D'autres peindront, sur les sommets,
Cythérée ou bien sainte Thècle,
Ou César victorieux; mais,
En véritable enfant du siècle,

Pour nous charmer, le blond Marchal,
Dont la couleur est fort congrue,
Cette fois à son fil d'archal
Suspend la Cocotte et la Grue.

C'est-à-dire, ô gens de Passy,
Tout le bonheur que nous voulûmes;
Toute l'âme de ce temps-ci
Représentée en deux volumes.

Pénélope aux chastes bandeaux,
Qu'avec respect le démon tente,
Cache sa poitrine et son dos
Sous sa belle robe montante,

Et, sous ses lambris fleuronnés,
Voile dans les plis d'une guimpe
Deux monts sauvages, couronnés
De neiges, ainsi qu'un Olympe.

Elle coud, d'un geste humble et doux,
Avec des airs de soeur tourière;
Total: quinze mille francs, tous
Les six mois, chez la couturière.

Méprisant le Niagara
Pour sa chute, elle est tourterelle
Et pleure, et son mari sera
Philémon, s'il n'est Sganarelle!

Quant à Phryné, toute à l'Amour
Qu'elle tient captif en son antre,
Elle a la taille courte, pour
Donner plus d'importance au ventre.

Elle s'orne d'un lourd chignon
Que baisent des rayons frivoles;
Sur son front naïf et mignon
Court un fouillis de mèches folles;

Puis, sur son dos voluptueux,
Mais net comme la bonne prose,
Dégringolent de somptueux
Tire-bouchons couleur de rose,

Et sa robe, pour des desseins
Qu'on ne peut croire pacifiques,
Montre à nu le dos et les seins
Ainsi que les bras magnifiques.

Sa ceinture, qui nous promet
Tout, a l'air, fière et sans vergogne,
Du grand cordon que Wateau met
Au tout petit duc de Bourgogne;

Bref, adorable au premier chef!
Mais le malheur, c'est qu'elle mange
De l'or et du papier joseph,
Et qu'elle s'en nourrit, pauvre ange!

Double régal pour Amadis
Errant dans la campagne verte,
Pénélope a l'air d'un grand lys
Et Phryné d'une rose ouverte.

Chez nous, en pleine floraison,
En jupe austère, en folle cotte,
Nous avons, Marchal a raison,
La Grue et l'aimable Cocotte.

Double trésor, double présent
Que le poëte ne diffame
Jamais!
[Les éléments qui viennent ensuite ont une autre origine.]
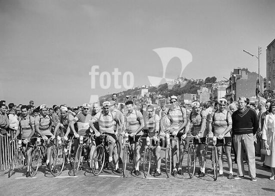 akg1128997 Sport / Radsport / Radrennen "Tour de France". / 42. Tour de France, 7. bis 30.Juli 1955 in 22 Etappen über 4 476 km von La Havre nach Paris. /-Am Start in Le Havre (Département Seine-Maritime) am 7. Juli 1955: Die spanische Nationalmannschaft mit Francisco Alomar, Salvador Botella, Gabriel Company, Antonio Gelabert, Jesus Lorono, ...

Seulement, à présent,
Marchal, on demande... la Femme!

Quant à l'Homme... voeux superflus!
Je crois qu'en ce Paris sans gêne,
Toi-même, tu ne songes plus
A le chercher, ô Diogène!

Quoi? tu le cherches encor! Si
Tu m'en crois, il est, j'imagine,
Bien loin, bien loin, bien loin d'ici,
Oh! plus loin que l'île d'Égine!

Dans quelque désert écarté,
Au delà des routes communes,
Où sont la sainte Liberté,
Les chefs-d'oeuvre... et les vieilles lunes!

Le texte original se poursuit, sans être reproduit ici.